§ **Information provided**:
= Beginning of Section =
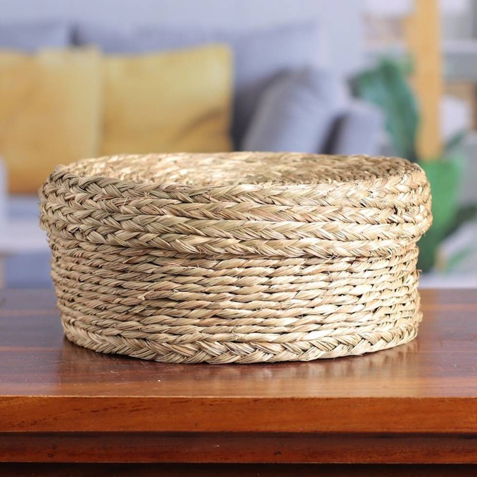 Handwoven Minimalist Round Natural Sabai Grass Fiber Basket 'Rural Minimalism' Item ID: 2671783115
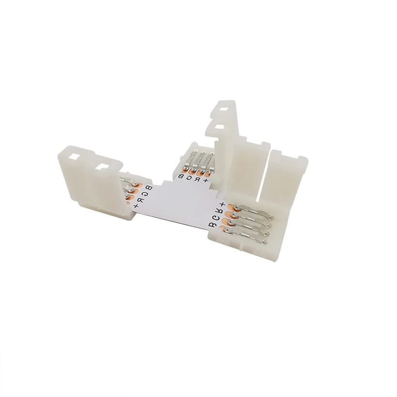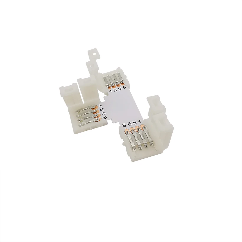 5/2Pcs T Shape 4 PIN 10mm Solderless LED Strip Corner Rright Angle T Shape 4pin LED Connector for 3528 5050 RGB LED Strip Lights
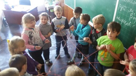 Игры на родительских собраниях необходимы. Сидеть за партами и смотреть в затылок сидящего, это легко, а вот стоять в кругу и еще говорить, когда на тебя все смотрят, могут не все взрослые. Умению высказать свое мнение надо учить с детства.  Игра Паутинка. Все встают в круг. Учитель берет в руки клубок ниток, представляется и просит высказаться родителей, какие волнения, переживания они испытывают перед вступлением в 1 класс. Учитель, держа кончик нитки в руке, бросает клубок любому, стоящему напротив...
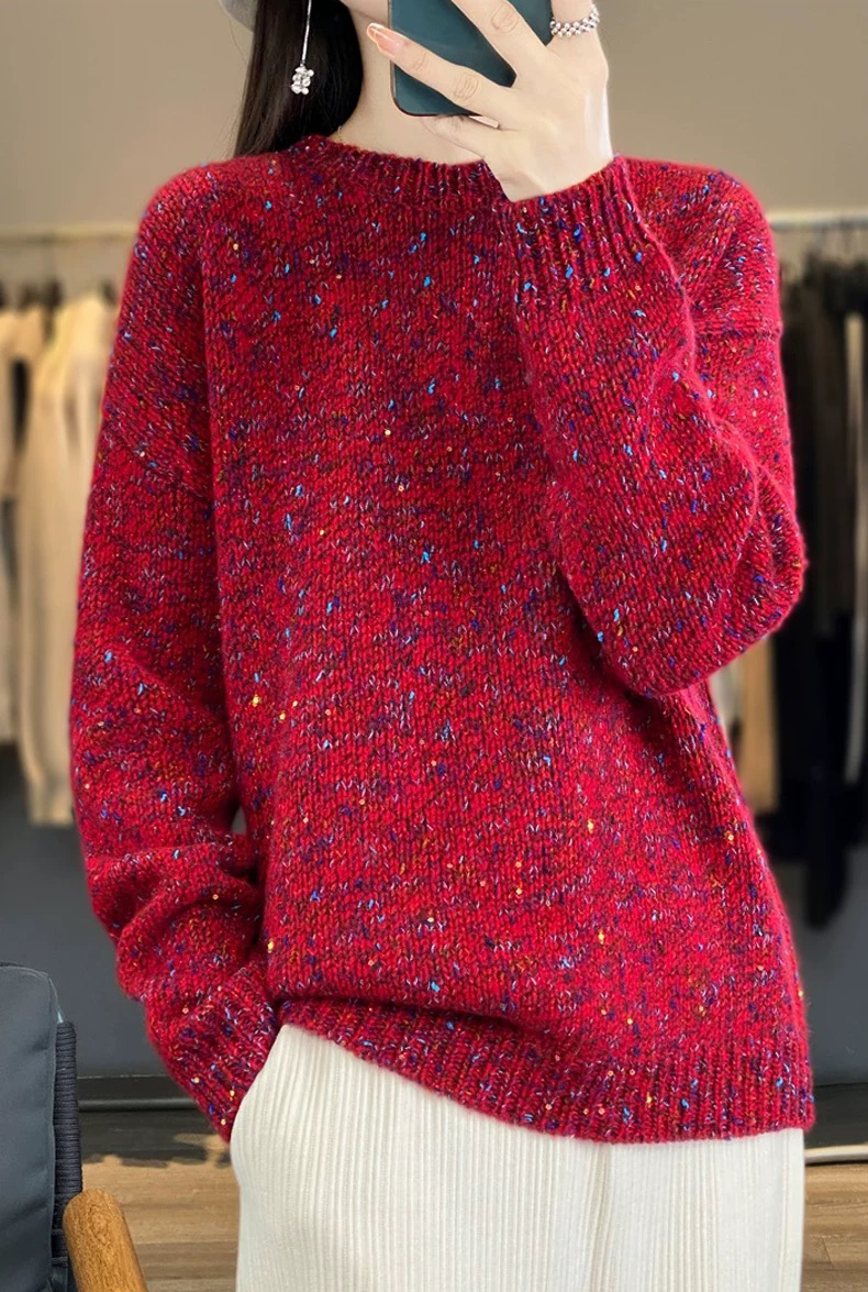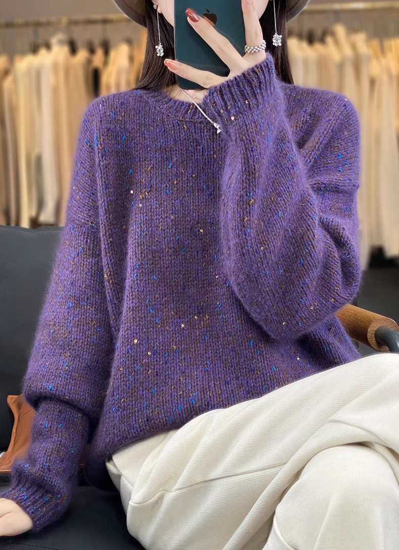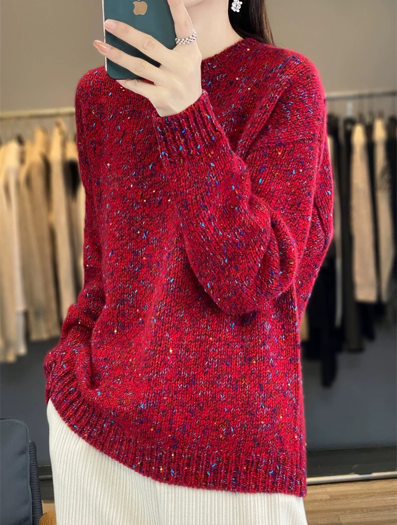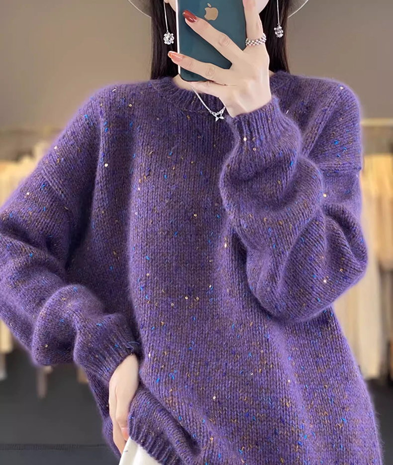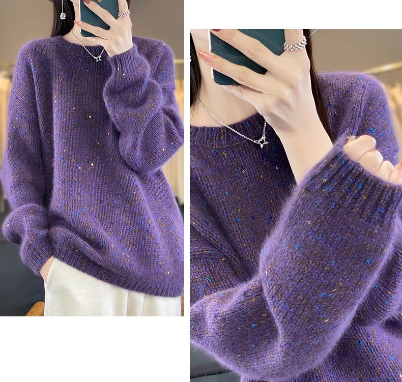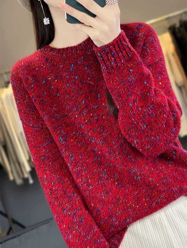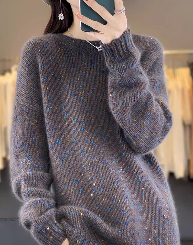 百搭珠片圓領長袖針織衫
= End of Section =
§ **Work task**: With the pictures left out, return the listing above exactly as it stands.

§ **Solved exercise**:
 Handwoven Minimalist Round Natural Sabai Grass Fiber Basket 'Rural Minimalism' Item ID: 2671783115
 5/2Pcs T Shape 4 PIN 10mm Solderless LED Strip Corner Rright Angle T Shape 4pin LED Connector for 3528 5050 RGB LED Strip Lights
 Игры на родительских собраниях необходимы. Сидеть за партами и смотреть в затылок сидящего, это легко, а вот стоять в кругу и еще говорить, когда на тебя все смотрят, могут не все взрослые. Умению высказать свое мнение надо учить с детства.  Игра Паутинка. Все встают в круг. Учитель берет в руки клубок ниток, представляется и просит высказаться родителей, какие волнения, переживания они испытывают перед вступлением в 1 класс. Учитель, держа кончик нитки в руке, бросает клубок любому, стоящему напротив...
 百搭珠片圓領長袖針織衫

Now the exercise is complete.